The preparation of the unaudited Consolidated Financial Statements in conformity with GAAP requires management to make estimates and assumptions that affect the reported amounts of assets and liabilities at the date of the financial statements and the reported amounts of revenue and expenses during the period. Actual results may differ from the estimates used in preparing the unaudited Consolidated Financial Statements. Note 2 of Notes to Consolidated Financial Statements included in the Company’s Annual Report on Form 10-K for the year ended December 31, 2008 describes the most significant accounting policies used in the preparation of the Consolidated Financial Statements. There have been no significant changes in the Company’s assumptions regarding significant accounting estimates and policies during the nine-month period ended September 30, 2009.

 

 


(2)
New Accounting Pronouncements

In September 2009, the Financial Accounting Standards Board (the “FASB”) issued Accounting Standards Update (“ASU”) No. 2009-12 (“ASU No. 2009-12”), which amends FASB Accounting Standards Codification (“ASC”) Topic 820, “Fair Value Measurements and Disclosures” (“ASC Topic 820”). ASU No. 2009-12 allows, as a practical expedient, for the net asset value provided by the investee entity to be an applicable fair value measurement, if the net asset value was calculated within the provisions of ASC Topic 946, “Financial Services – Investment Companies.” Investments within the scope of this update are investments valued at net asset value that do not have a readily determinable fair value and have all the following attributes: (i) the investment company’s primary business activity involves investing its assets, usually in the securities of other entities not under common management, for current income, appreciation, or both; (ii) ownership in the investment company is represented by units of investments, such as shares of stock or partnership interests, to which proportionate shares of net assets can be attributed; (iii) the funds of the investment company’s owners are pooled to avail owners of professional investment management and (iv) the investment company is the primary reporting entity. Classification within the fair value hierarchy of a fair value measurement of an investment that is measured at net asset value requires judgment, which includes consideration of the entity’s ability to redeem its investment at net asset value at the measurement date. If the entity does not have the ability to redeem the investment at net asset value at the measurement date, the length of time until the investment can be redeemed shall be considered. This guidance also requires disclosures, by major category of investments, about the attributes of the investments. This guidance is effective for the first reporting period, including interim periods, ending after December 15, 2009. The Company is currently evaluating the impact of adopting this guidance on its consolidated financial results and disclosures included within Notes to Consolidated Financial Statements.

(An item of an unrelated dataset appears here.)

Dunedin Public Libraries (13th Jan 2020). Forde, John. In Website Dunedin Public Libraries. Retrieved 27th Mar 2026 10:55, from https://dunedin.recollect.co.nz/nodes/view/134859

In August 2009, the FASB issued ASU No. 2009-05, which amends ASC Topic 820. ASU No. 2009-05 clarifies how to measure the fair value of a liability for which a quoted price in an active market for the identical liability is not available. In such a circumstance, an entity is required to measure fair value using one or more of the following valuation techniques: (i) quoted price of the identical liability when traded as an asset, (ii) quoted prices for similar liabilities or similar liabilities when traded as assets or (iii) another valuation technique that is consistent with fair value principles, such as an income approach or a market approach. This guidance also clarifies that both a quoted price in an active market for the identical liability at the measurement date and the quoted price for the identical liability when traded as an asset in an active market when no adjustments to the quoted price of the asset are required are Level 1 fair value measurements. When estimating the fair value of a liability, an entity is not required to include a separate input or adjustment relating to the existence of a restriction that prevents the transfer of the liability. This guidance is effective for the first reporting period, including interim periods, beginning after its August 2009 issuance. The Company is currently evaluating the impact of adopting this guidance on its disclosures included within Notes to Consolidated Financial Statements.

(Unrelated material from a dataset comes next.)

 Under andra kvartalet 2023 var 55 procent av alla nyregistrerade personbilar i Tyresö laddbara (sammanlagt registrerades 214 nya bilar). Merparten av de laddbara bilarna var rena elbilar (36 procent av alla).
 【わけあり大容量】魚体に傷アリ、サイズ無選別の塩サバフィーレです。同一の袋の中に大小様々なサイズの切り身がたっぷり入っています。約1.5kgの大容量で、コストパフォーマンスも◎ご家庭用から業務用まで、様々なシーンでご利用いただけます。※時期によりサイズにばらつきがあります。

In June 2009, the FASB issued authoritative guidance that requires a primarily qualitative analysis to determine if an enterprise is the primary beneficiary of a variable interest entity. This analysis is based on whether the enterprise has (i) the power to direct the activities of the variable interest entity that most significantly impact the entity’s economic performance and (ii) the obligation to absorb losses of the entity or the right to receive benefits from the entity that could potentially be significant to the variable interest entity. In addition, enterprises are required to more frequently reassess whether an entity is a variable interest entity and whether the enterprise is the primary beneficiary of the variable interest entity. Finally, the guidance for consolidation or deconsolidation of a variable interest entity is amended and disclosure requirements about an enterprise’s involvement with a variable interest entity are enhanced. This guidance is effective as of the beginning of the first annual reporting period that begins after November 15, 2009, for interim periods within that first annual reporting period and for interim and annual reporting periods thereafter, with early application prohibited. The Company is currently evaluating the impact of adopting this guidance on its consolidated financial results and disclosures included within Notes to Consolidated Financial Statements.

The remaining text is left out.